Well, it might be the very reason leading to the quirk, I suppose. Thank you.


----------



## YZMSQ (Oct 26, 2011)

jb_fvwm2 said:
			
		

> You may want to check your GENERIC file (if you have sources ) for the "debug" line and the paragraph below it (the WITNESS stuff iirc) and rebuild a commented-out one. Howsoever, it could also be due to a very large packages or set-of-packages having a lot of huge tarfiles to unpack.  (Another issue I may have forgotten, but less probable)


One more question: Do you mean pkg_add is unpacking the tarfiles while downloading, even if the process of download hasn't completed? :r


----------



## da1 (Oct 26, 2011)

No, that's done AFTER the download is complete.


----------



## Beastie (Oct 26, 2011)

But I doubt pkg_add would be wasting so much CPU time unpacking as it's the job of bsdtar.


----------



## da1 (Oct 27, 2011)

Spot on.


----------



## YZMSQ (Oct 27, 2011)

Beastie said:
			
		

> But I doubt pkg_add would be wasting so much CPU time unpacking as it's the job of bsdtar.


Yep. When I'm with 8.2, pkg_add works like a charm without such a high CPU usage, indeed.


----------



## YZMSQ (Oct 27, 2011)

So, is this a problem encountered by me only? Well, I upgrade my box to 9.0 RC1 via the freebsd-update utility rather than source or CD-ROM.


----------



## AVL (Oct 27, 2011)

YZMSQ said:
			
		

> So, is this a problem encountered by me only?
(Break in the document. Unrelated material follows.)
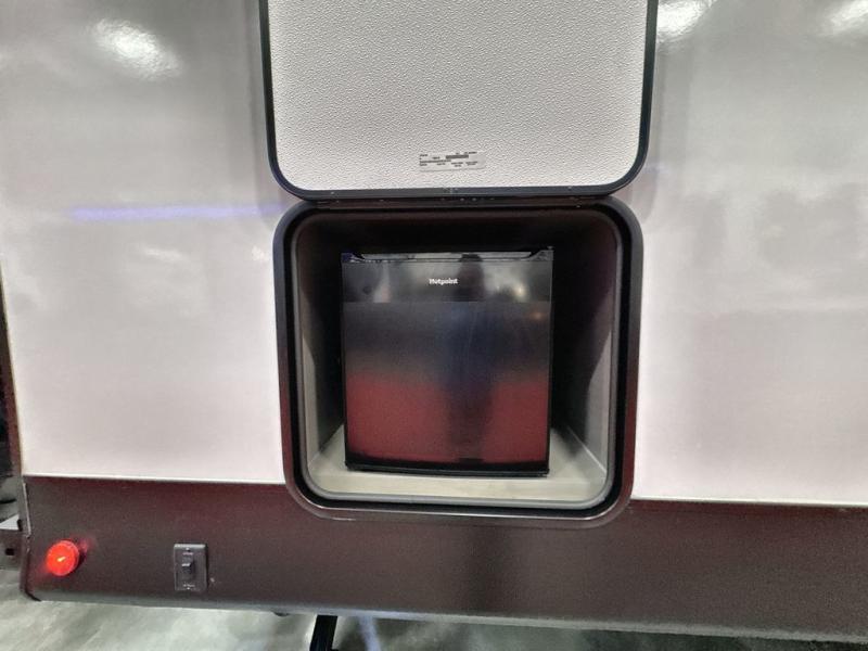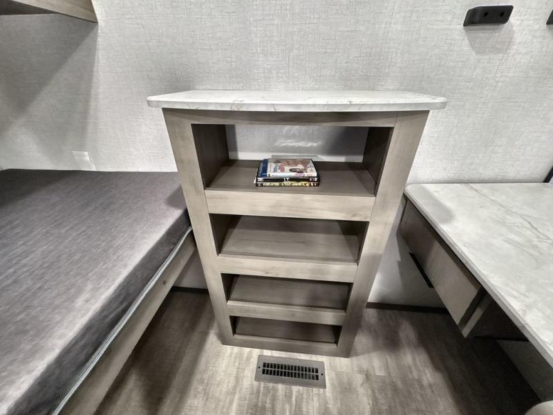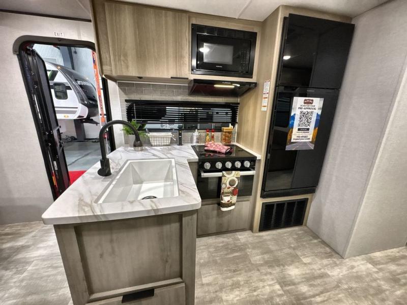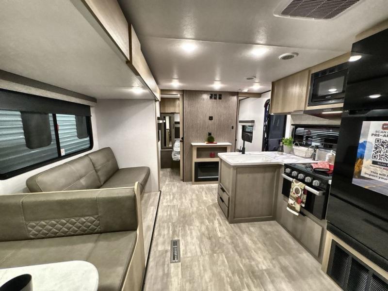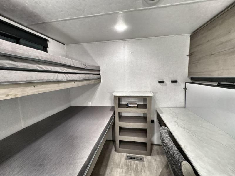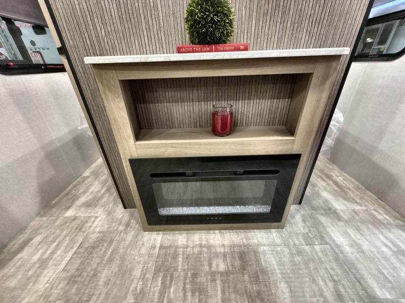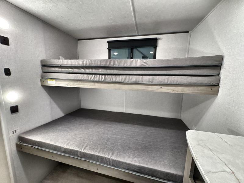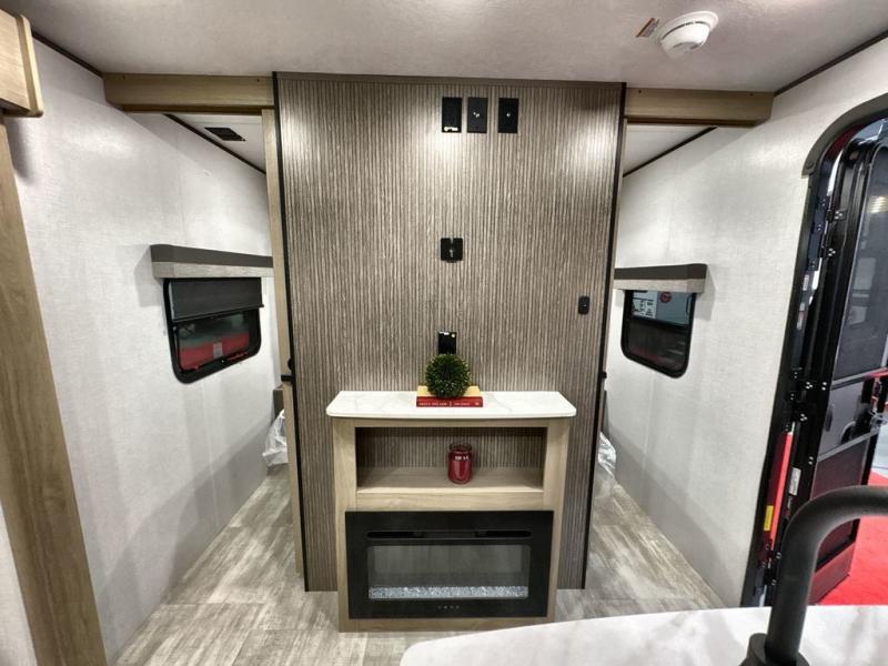Pack your bags and head out on a great family vacation in this travel trailer! You will enjoy a good night's rest on the queen bed in the front private bedroom, and the kids will enjoy having their own rear private bunkhouse with a set of bunk beds and a fold down bed above a booth dinette. If you need an extra sleeping space, then you can transform the living area booth dinette. The theater seating offers a comfortable place to sit while relaxing in front of the fireplace. The fully equipped kitchen has everything you need to prepare your best home cooked meals. After a fun-filled day at the beach, you can head to the full bathroom to rinse the sand out of your hair in the shower with exhaust fan!

Well, I upgrade my box to 9.0 RC1 via the freebsd-update utility rather than source or CD-ROM.



I've noticed this problem as well, in a fresh install of 9.0-RC1 i386 in a VirtualBox VM. [cmd=]pkg_add -r xorg[/cmd] never completes because pkg_add is hanging with 100% CPU.


----------



## overmind (Nov 3, 2011)

I understand you have a high CPU usage but the process is faster?

I ask that because bsdtar only uses one Core of the CPU.

I for example would like a higher CPU usage but a faster time for adding packages.

Still, in your case chances are to be a bug or a debug option enabled in Kernel.


----------



## YZMSQ (Nov 4, 2011)

overmind said:
			
		

> I understand you have a high CPU usage but the process is faster?
> 
> I ask that because bsdtar only uses one Core of the CPU.
> 
> ...


Hi, the CPU in my box has one Core only, and, the high CPU usage seems no effect on the performance of the process, as I see.


----------



## YZMSQ (Nov 14, 2011)

Hi, all, after changing my PACKAGESITE from my previous one to this mirror site, the quirk described above has passed away, so strange. Well, maybe it's the specific mirror that accounts for this high CPU usage?


----------



## YZMSQ (Nov 14, 2011)

Well, I've no idea what happened, but the problem described above is missing, to my surprise (Maybe the modify from packages-9-current to packages-9-stable accounts for it?).


----------